"Normandy a paradise for the kitchen"
Chef Edward Delling-Williams
A strapping lad with laughing eyes, in love with good cuisine that he twists with lightness and know-how. For Edward Delling-Williams, it all started in a pub near Bristol, in the south of England, where he discovered cooking in a festive and family setting. Passionate and eager, he then trained at the St-John in London. But Ed has more than one trick up his sleeve... which he rolls up to create Le Grand Bain, a restaurant in the north of Paris. There, the good atmosphere and the local cuisine hit the mark: people crowd around this cheerful sign. Its sister the bakery Le Petit Grain opened two years later is also a hit.
Why stop there? After winning the Parisians’ hearts, chef Edward Delling-Williams moves to Normandy. In Heugueville-sur-Sienne, he visits an old presbytery nestled in the estuary of the river Sienne, where invigorating winds transport marine smells from the sea. The setting is a dream: he imagines bringing back to life the atmosphere of the pubs of his childhood where people share a Sunday lunch around large tables, the Sunday Roast. Even better, since he’d serve a well thought out cuisine combining bistronomy and local products
Terroir & Region
The restaurant The Presbytere enjoys a prime location, between the sea and the Normandy bocage: shellfish and crustaceans from the coast, salt-meadow lamb, grass-fed beef, raw cream, permaculture market gardening, PDO cider... . All products arrive fresh and untreated at the restaurant. At Ed’s, there is no space for waste: the kitchen exploits each attribute of the food, thus avoiding unnecessary waste. Many small local producers provide the raw materials, contributing to the economic dynamism of the region.
The Farm 2 Table project
Edward Delling-Williams, outstanding cook and the father of a small tribe of three children, is committed to doing more. An idea soon makes its way: Farm 2 Table ("From the farm to the table").
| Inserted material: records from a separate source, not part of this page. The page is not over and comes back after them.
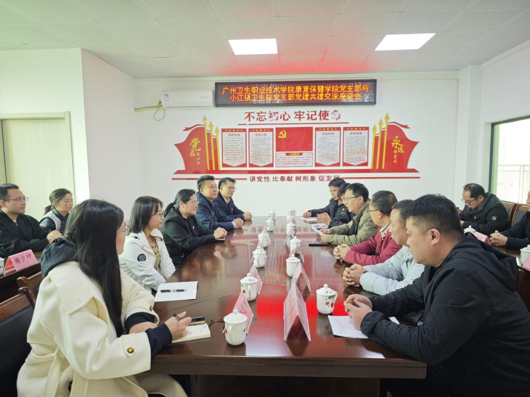 为深入贯彻落实广东省“百县千镇万村高质量发展工程”和“四个一万”全民健身服务计划,推动校地党建工作的创新融合发展,1月9日上午,广州卫生职业技术学院康复保健学院党支部与小江镇卫生院党支部党建共建交流座谈会在清远市阳山县小江镇卫生院举行。阳山县“百千万工程”指挥部办公室副主任(挂职)、广东省“百千万工程”帮扶协作驻阳山县工作队副队长王圣君,县卫生健康局副局长(挂职)、“双百行动”驻阳山县副队长徐兆健,阳山县卫生健康局党组成员、副局长李志奇,小江镇党委副书记陈志兵,小江镇驻镇帮镇扶村工作队,小江镇卫生院班子成员,广州卫生职业技术学院康复保健学院党支部书记黄雪群及师生一行等参加会议。
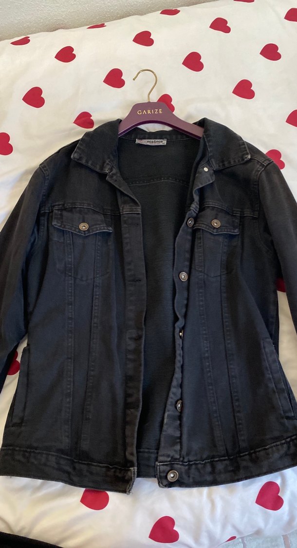 CARIZE marka siyah denim ceket, düğmeli ön, kesik yakalı ve uzun kolludur. Bol kesim ve normal midi boydadır, günlük rahat stil için uygundur.
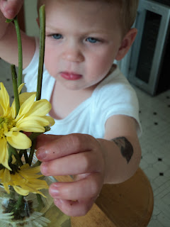 This morning, I sat back and truly enjoyed the wonder of an almost two yr old, simply eating cereal, and rearranging my flowers, with no limits, no rules, I just wanted to see what would happen…and it was beautiful…
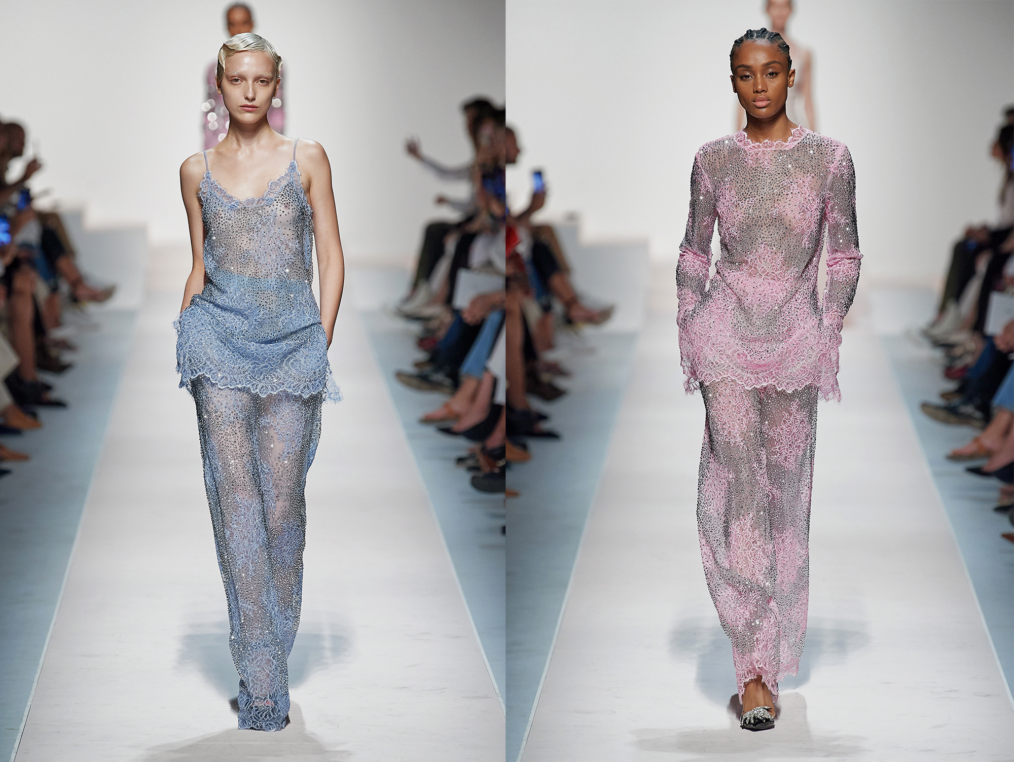 Nočné košieľky a pyžamá sa stali skvostnými večernými šatami jemnými ako pavučinka zdobená kamienkami.
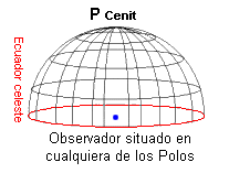 Las tres situaciones resultan bastante intuitivas. Para un observador en cualquiera de los dos Polos (latitud 90°) todas las estrellas son circumpolares, sólo ve el hemisferio celeste del polo correspondiente y el límite de su "ventana" es precisamente el Ecuador celeste (90-90=0°). Pero un observador en el Ecuador (latitud 0°) puede ver completos los dos hemisferios celestes (90-0=90°) aunque para él no habrá estrellas circumpolares y los dos polos celestes estarán justo en el horizonte de su "ventana". La tercera situación la hemos visto en los párrafos anteriores.
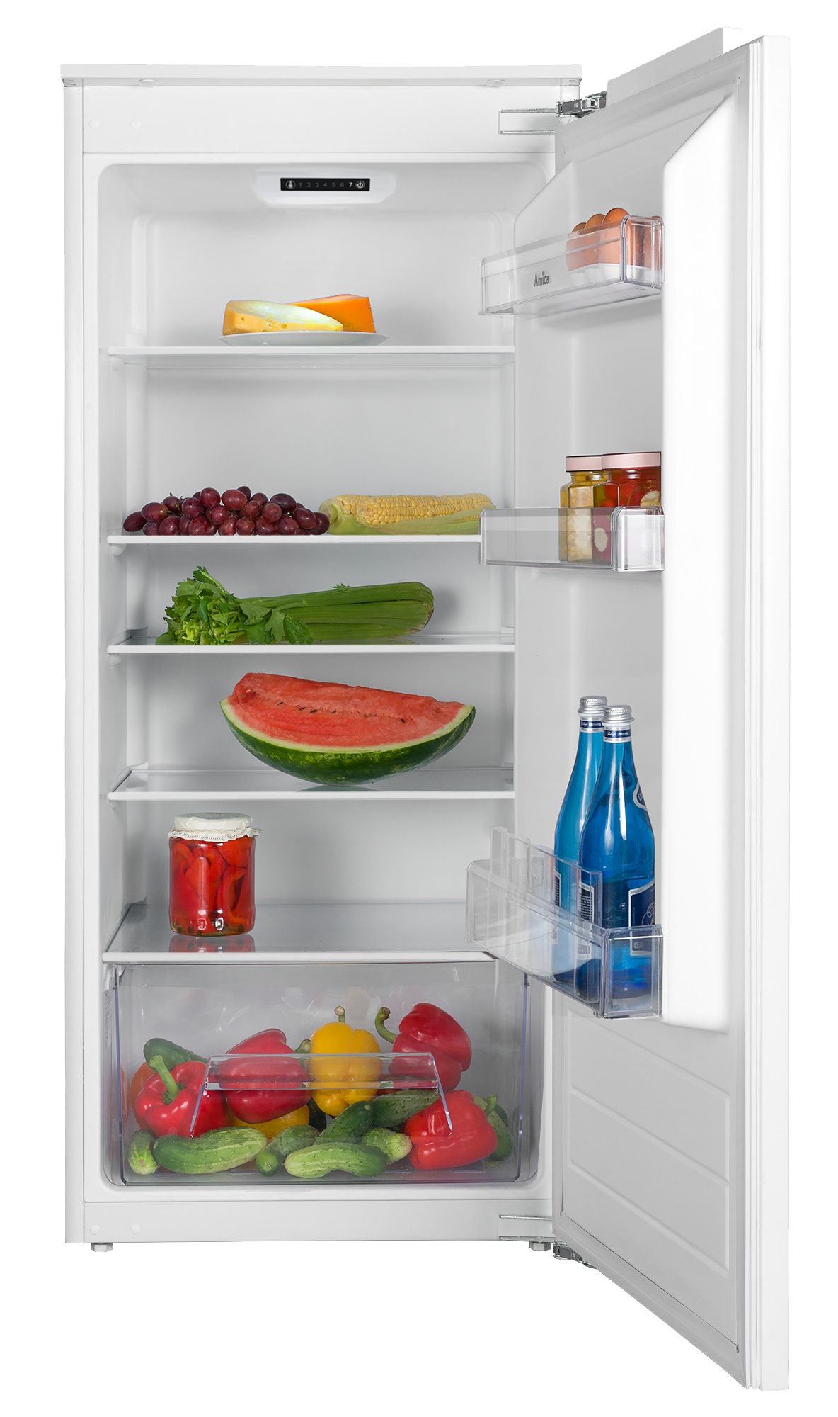 Der integrierbare Einbaukühlschrank »EVKS 16175« ist von der Marke Amica. Das Gerät bietet ausreichend Platz für deinen Einkauf durch seine Maße von 54 x 122,1 x 54 cm (B/H/T) und das Kühlvolumen von 197 l. Das Modell arbeitet mit einem Betriebsgeräusch von 35 dB. Auf fünf Ablageflächen aus Sicherheitsglas ist im Einbaukühlschrank genug Raum für Lebensmittel. Zusätzliche Flexibilität bei der Aufbewahrung bieten die drei Türablagen. Bei offen stehender Tür meldet dies der Einbaukühlschrank mit einem akustischen Warnsignal. Perfekte Übersichtlichkeit erhält man außerdem durch die LED-Innenbeleuchtung. Der »EVKS 16175« von Amica ist ein Einbaukühlschrank, der mit seinen Features überzeugt und genug Platz für Nahrungsmittel aller Art bietet.

The project? A whole ecosystem which would gather around the Presbytere: the opening of guest rooms on the second floor, another kitchen entirely dedicated to making breads and cakes, a brewery that will supply the pub with delicious ales...
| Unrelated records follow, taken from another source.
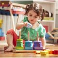Spojte a roztřiďte těchto 25 barevných dřevěných kousků. Kruhy, osmiúhelníky a obdélníky je možné navléknout na tři kolíky, narovnat na sebe nebo seřadit podle tvarů, velikostí a barev. Děti si procvičují jemnou motoriku a učí se rozeznávat tvary a barvy.
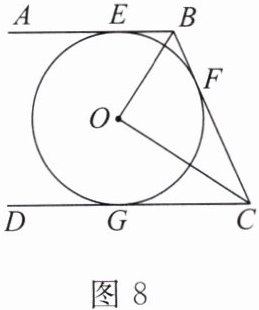 3. 如图 8,AB,BC,CD 分别与⊙O 相切于点 E,F,G,且 AB//CD。若 OB = 6,OC = 8。
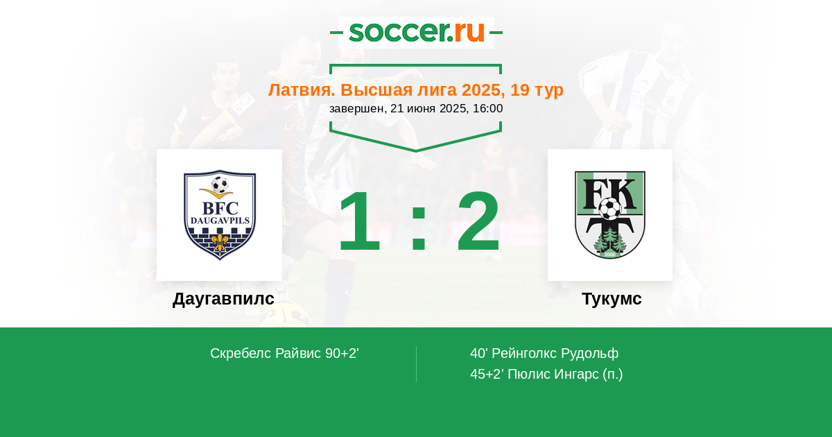 | Даугавпилс | Тукумс | |
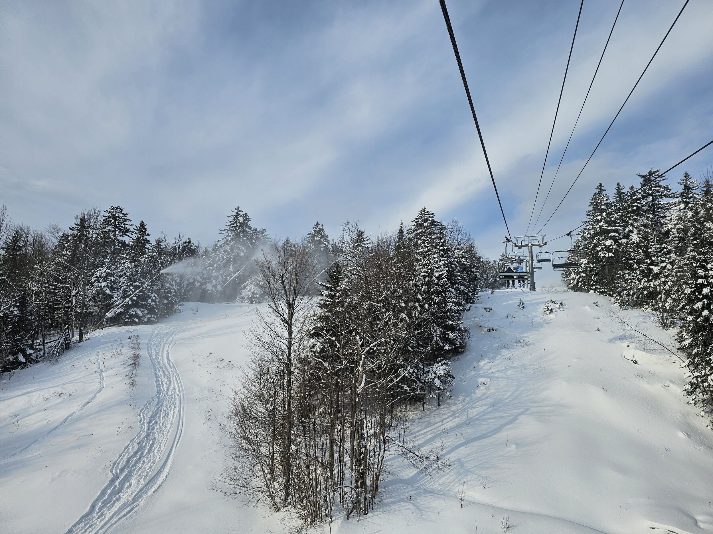 Had an interesting day at Gore on Friday. Drove right to Ski Bowl, which was a wise decision, as we heard that lot D was full before 9 am (when is that parking lot webcam going up?). Did some laps at Ski Bowl and worked our way up, skied all the upper mountain pods, finished up with a top to bottom run including ungroomed natural on Woodchuck, Wood Out, Pete Gay and Pipeline. It wasn’t an active decision not to ski the front side, but we never saw the main lodge all day. Can’t say that I missed it.
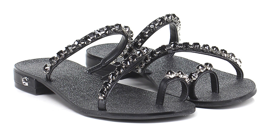 Sandalo alto in eco pelle con pietre su tomaia e suola in gomma. Tacco 20.
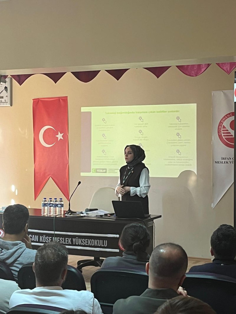Gümüşhane Üniversitesi İrfan Can Köse Meslek Yüksekokulu öncülüğünde Gümüşhane Yeşilay Danışmanlık Merkezi (YEDAM) iş birliğiyle öğrencilerimiz, akademik ve idari personelimize yönelik olarak, MYO konferans salonunda “Bağımlılıkla Mücadele” temalı bir bilgilendirme programı 17 Aralık 2025 tarihinde gerçekleştirildi.
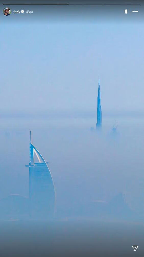Posted to his official Instagram account, @faz3, the photograph captures the spires of the Burj Khalifa and the distinctive silhouette of the Burj Al Arab rising above a thick layer of white mist. The Crown Prince is known for documenting Dubai’s landmarks during seasonal weather shifts.
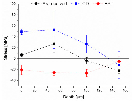 The tensile residual stresses developed due to inhomogeneous deformation cause splitting at the surface of wire during the drawing process [19]. The use of EPT decreased the residual stresses and they decreased further with the increase in current density [20]. The residual stresses were recorded in the as-received and after wire drawing states in CD and EPT processes to describe the stresses from the surface through the in-depth direction. Figure 6 shows the results of residual stresses in the in-depth direction for the three configurations. The average values are the average of four measurements by the Sin2φ method. The error bars show the standard deviation of these measurements.
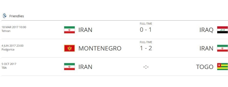 سایت فیفا که پس از رسمی شدن دیدارهای دوستانه، بازیها را در تقویم خود ثبت میکند دیدار دوستانه ایران و توگو را در تقویم خود ثبت کرده است. این در حالی است که شاگردان کارلوس کیروش قرار است 18 مهر ماه به مصاف روسیه بروند که فیفا هنوز این بازی را در تقویم خود قرار نداده است.
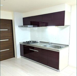 「光沢感のあるダークブラウンキッチン」。

That's not all: the Farm here is a reference to... the Chef's future farm. Following his dedication to the exploring of the connections between working the land, quality control and reducing intermediate production links, the farm will grow market garden products, fruit trees and perhaps even a small livestock!
Added to this, the interior courtyard of the restaurant will soon host a weekly market highlighting the few farm products offered by this definitely uncommon chef. A genuine and resolute guideline though: to design spaces combining conviviality and gastronomy.
All this of course in continuous partnership with local producers, with the aim of working together for the greatest happiness of lovers of good food.
Feels like home
The pub is designed according to the British tradition which follows the plan of a traditional house. The space is divided into several rooms giving the impression of entering a 19th century dwelling. Guests are welcomed by a magnificent wooden staircase in the entrance and can then appreciate the huge stone fireplace that sits in front of the bar.
At the Presbytere, the meal is sacred: in the Mirror room, spacious and bright, people sit around large wooden tables to share a shoulder of lamb cooked for seven hours or lunch of the catch of the day. More intimate, the Fridge Room welcomes rosy-cheeked lovers for a candlelit dinner. In summer, the large garden allows guests to sip a natural wine while sharing delicious plates, their faces warmed by the sun and the sea-spray.
A tailored offer : from snacks to feasts
Open every day from August 1, the pub welcomes guests at lunch and dinner. The menu changes regularly to the delight of taste buds eager for culinary discoveries. Whether it is for a simple starter/main course or main course/dessert or a gourmand starter/main course/dessert menu (and why not have a go at the house liqueur…), the guests have plenty to try out! And for parties of four guests or more, the pub offers a choice of dishes to share that give the impression of being back at Grandma's: it smells good like buttered potatoes and sweet childhood memories.